From the line containing "BLACK サドルバッグ バイク用" to the end of the records, print every line exactly, both ends included, and leave out the pictures.

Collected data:
====

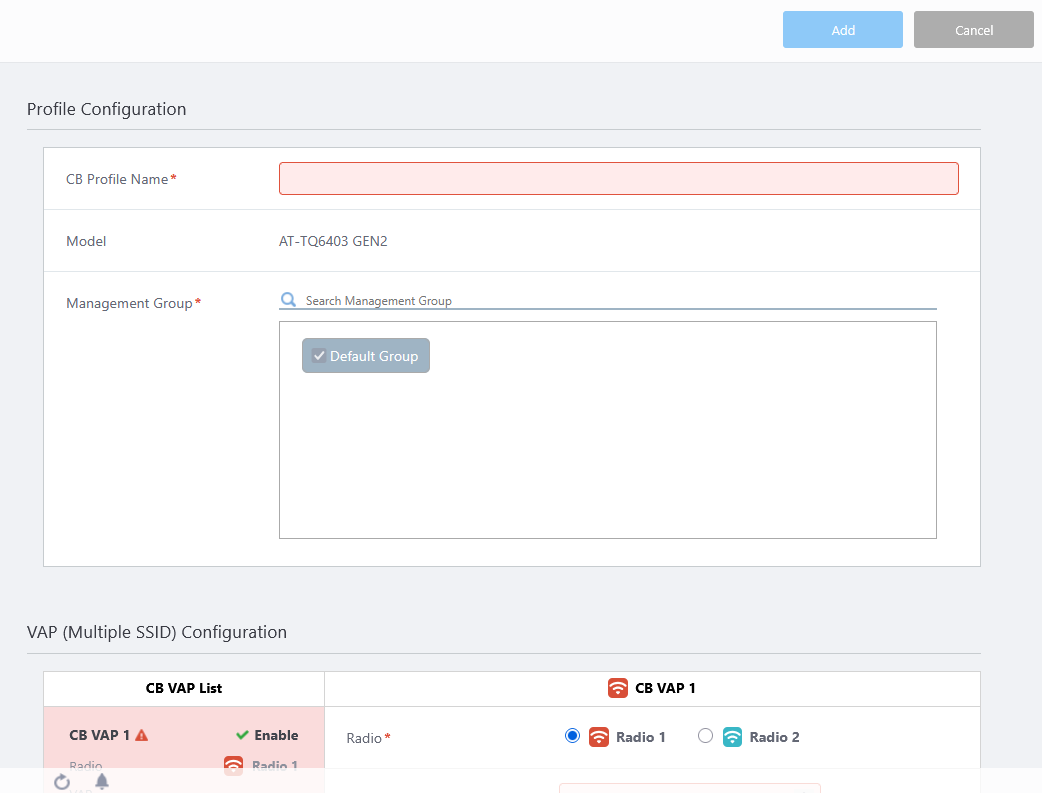 | Management Group | Select a Management Group that you want to apply this CB Profile to. You cannot uncheck "Default Wireless Group" (mandatory)
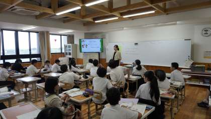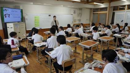 7年2組は英語の時間。 様々な疑問詞について学習しています。
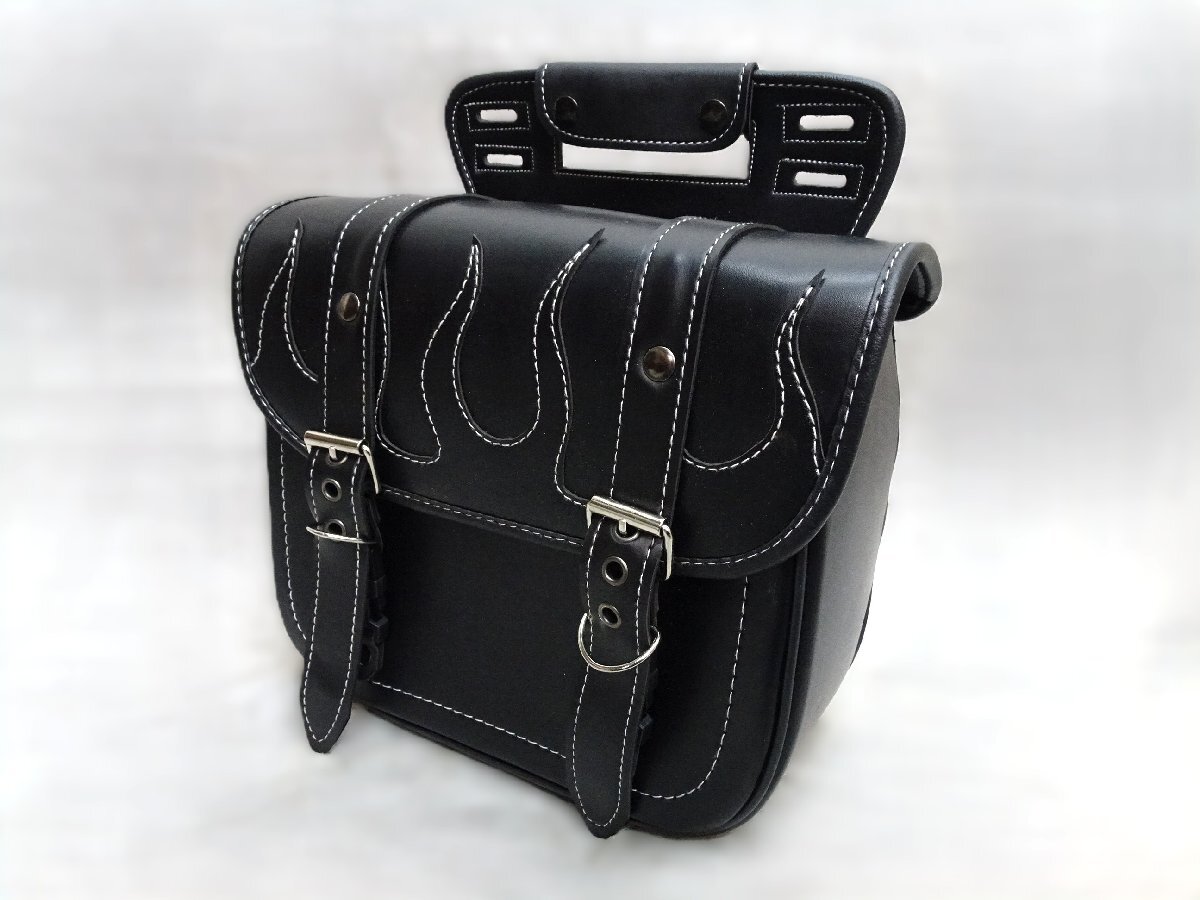 > NEWデザイン!! バイク用サイドバッグ フレイム FLAME ホワイトステッチ シングル 6Lサイズ 黒 BLACK サドルバッグ バイク用
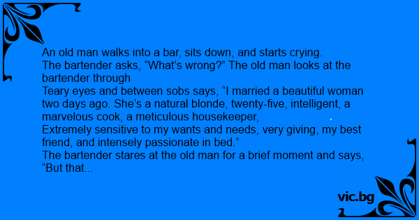 The bartender stares at the old man for a brief moment and says, “But that sounds great! You have what every man wants in a woman, so why are crying?”
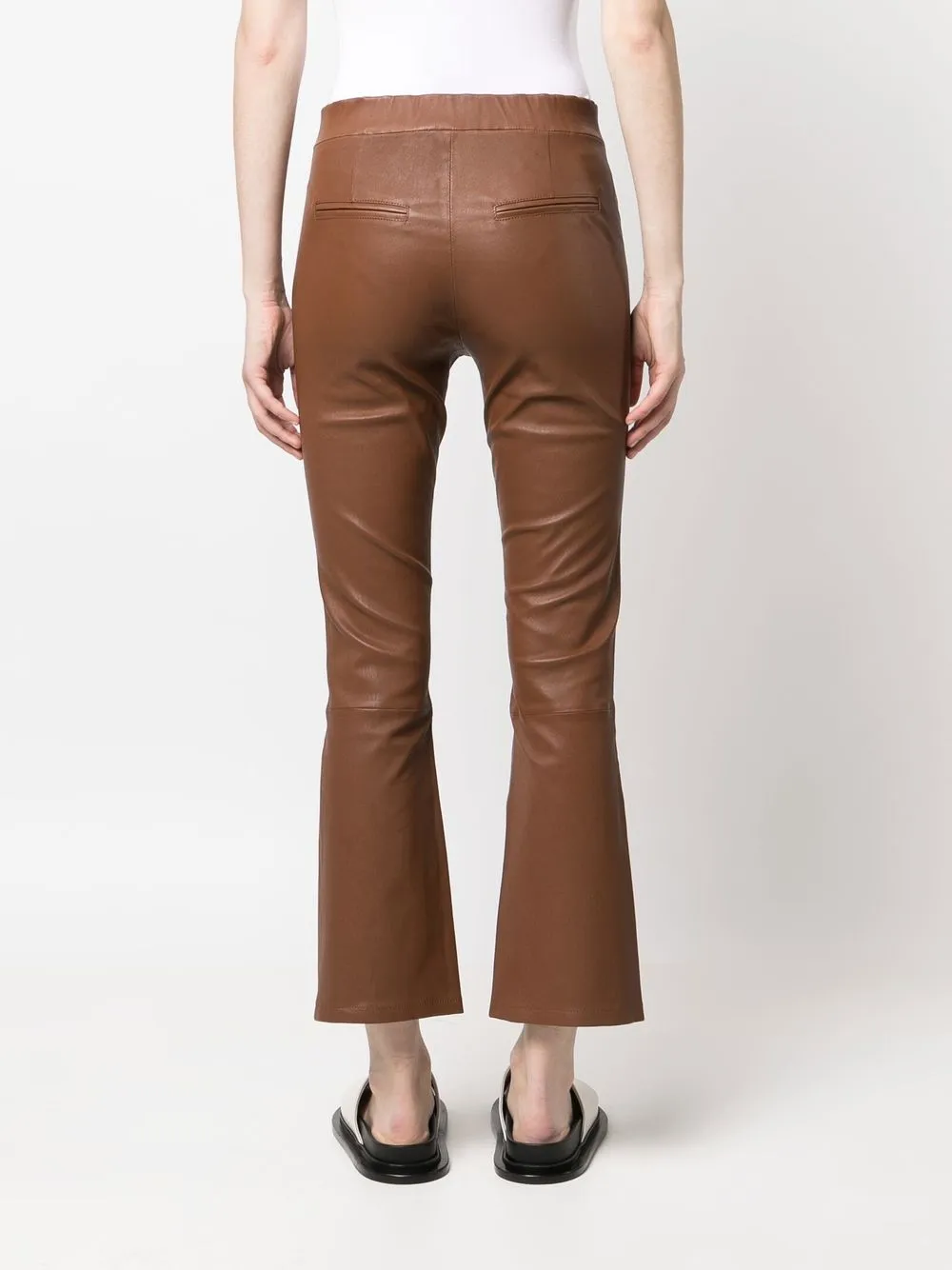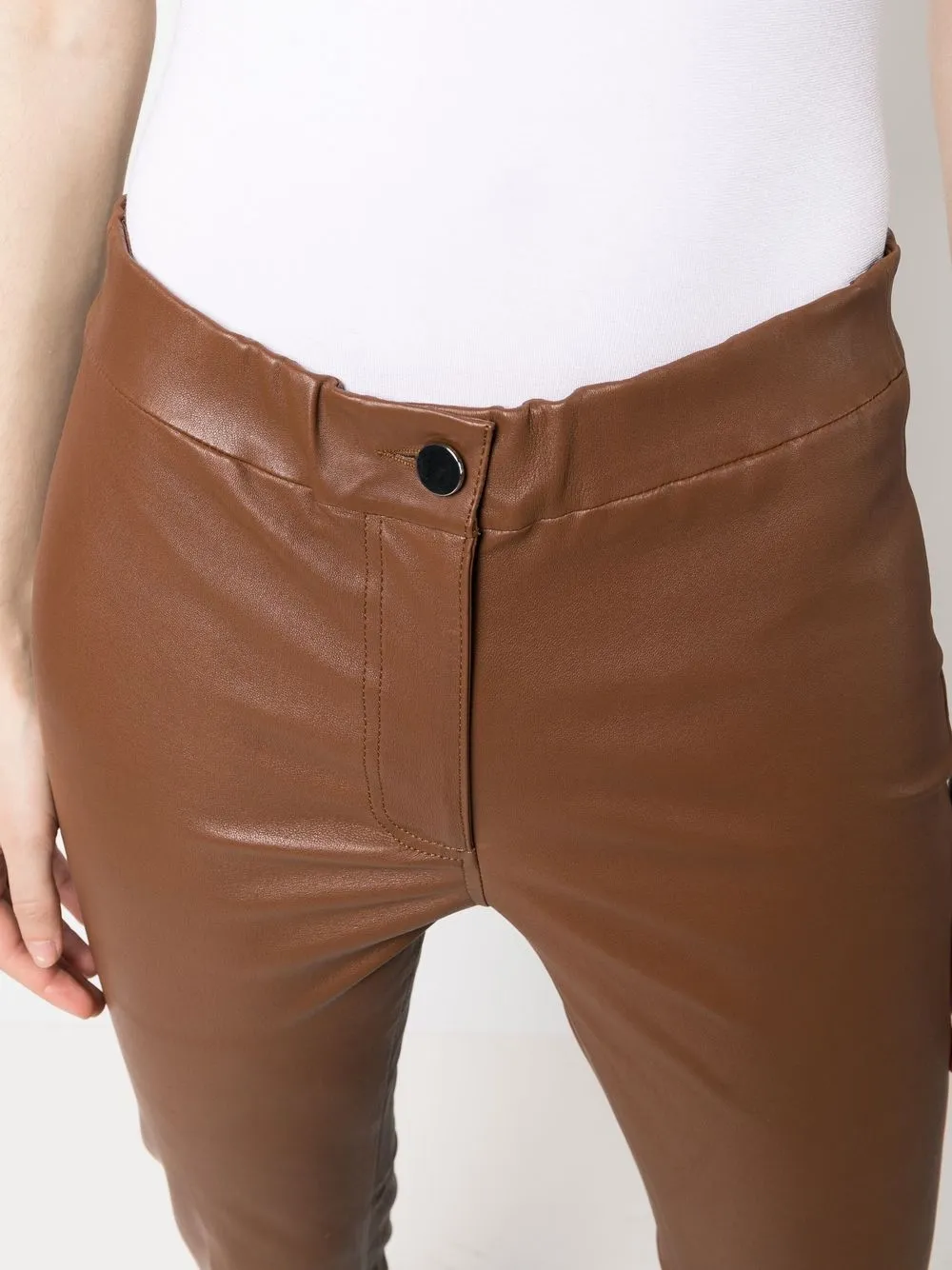Chiusura frontale con bottoni e zip, due tasche posteriori nascoste, taglio slim, taglio svasato e taglio crop.

====

[ANSWER SPACE]:
 > NEWデザイン!! バイク用サイドバッグ フレイム FLAME ホワイトステッチ シングル 6Lサイズ 黒 BLACK サドルバッグ バイク用
 The bartender stares at the old man for a brief moment and says, “But that sounds great! You have what every man wants in a woman, so why are crying?”
Chiusura frontale con bottoni e zip, due tasche posteriori nascoste, taglio slim, taglio svasato e taglio crop.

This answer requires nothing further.